Nearly half of the cases of the most common cancer worldwide, lung cancer, are treated with radiation therapy (RT). RT planning is a time-consuming, resource-intensive process that can take days to weeks to complete, and even highly trained doctors disagree on how much tissue to target with radiation. 

Furthermore, as cancer rates rise, a global shortage of radiation-oncology practitioners and clinics is expected to worsen. Researchers working under the Artificial Intelligence in Medicine Program of Mass General Brigham, Brigham and Women’s Hospital and collaborators developed and validated a deep learning algorithm capable of identifying and outlining (“segment”) a non-small cell lung cancer (NSCLC) tumor on computed tomography (CT) scan in seconds. The study, published in the Lancet Digital Health, also indicates that radiation oncologists using the algorithm in simulated clinics performed 65 percent faster than physicians not using the algorithm while working. 

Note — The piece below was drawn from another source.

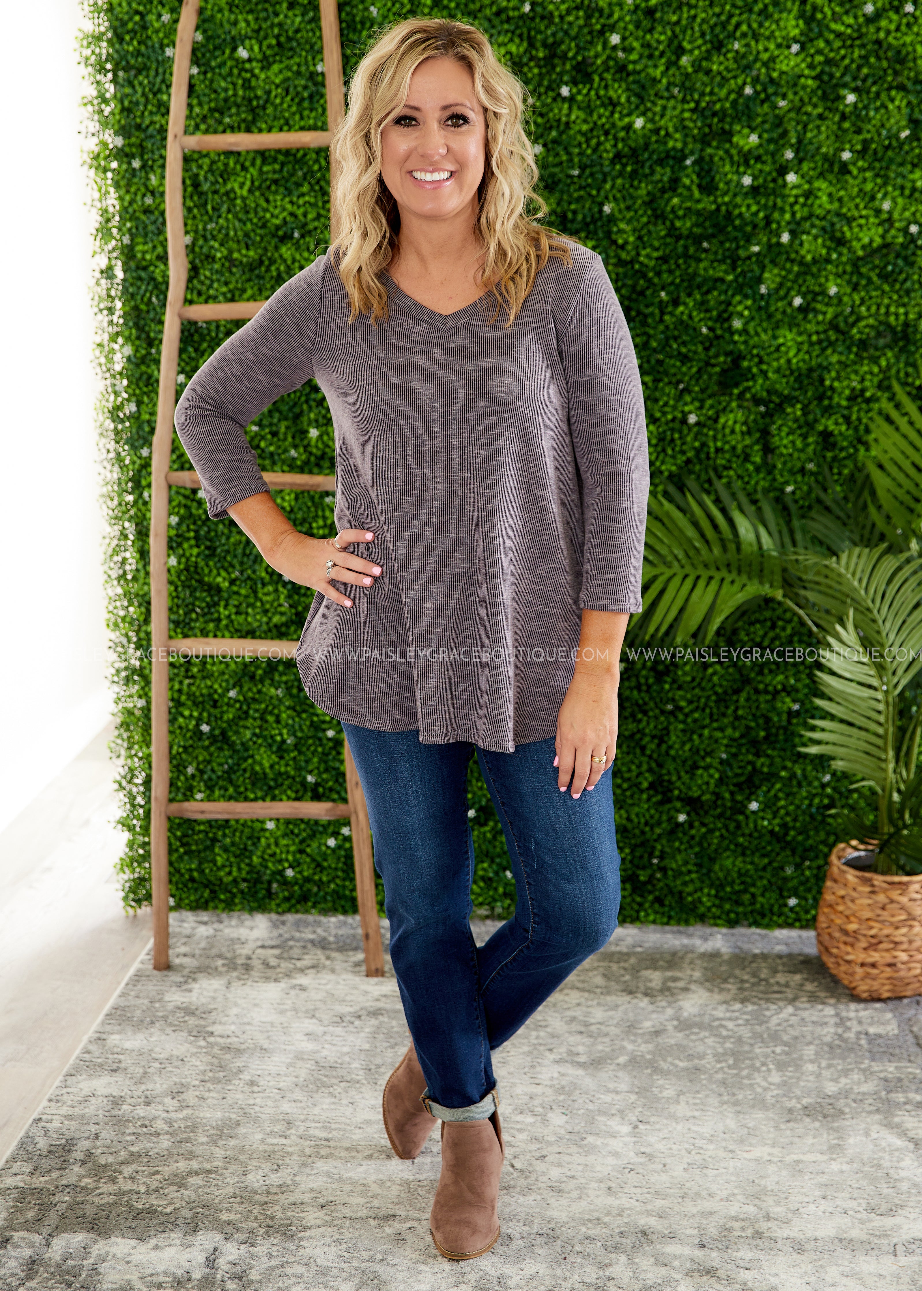 - V-Neckline; 3/4 Sleeves; Curved Hemline

According to Raymond Mak, corresponding author and MD of Brigham’s Department of Radiation Oncology, the most significant translation gap in AI applications to medicine is the failure to investigate how AI can be used to improve human clinicians and vice versa. 

The research team is working on how to create human-AI partnerships and collaborations that result in better patient outcomes. The benefit of this approach for patients includes greater consistency in tumor segmentation and shorter treatment times. Clinicians will benefit from less mundane but difficult computer work, which will reduce burnout and allow them to spend more time with patients.

The researchers trained their model to distinguish tumors from other tissues using CT images from 787 patients. The algorithm’s performance was evaluated using scans from over 1,300 patients from increasingly large datasets. The algorithm’s development and validation required close collaboration between data scientists and radiation oncologists. After discovering that the algorithm was incorrectly segmenting CT scans with lymph nodes, to improve its performance, the researchers retrained the model with more of these scans.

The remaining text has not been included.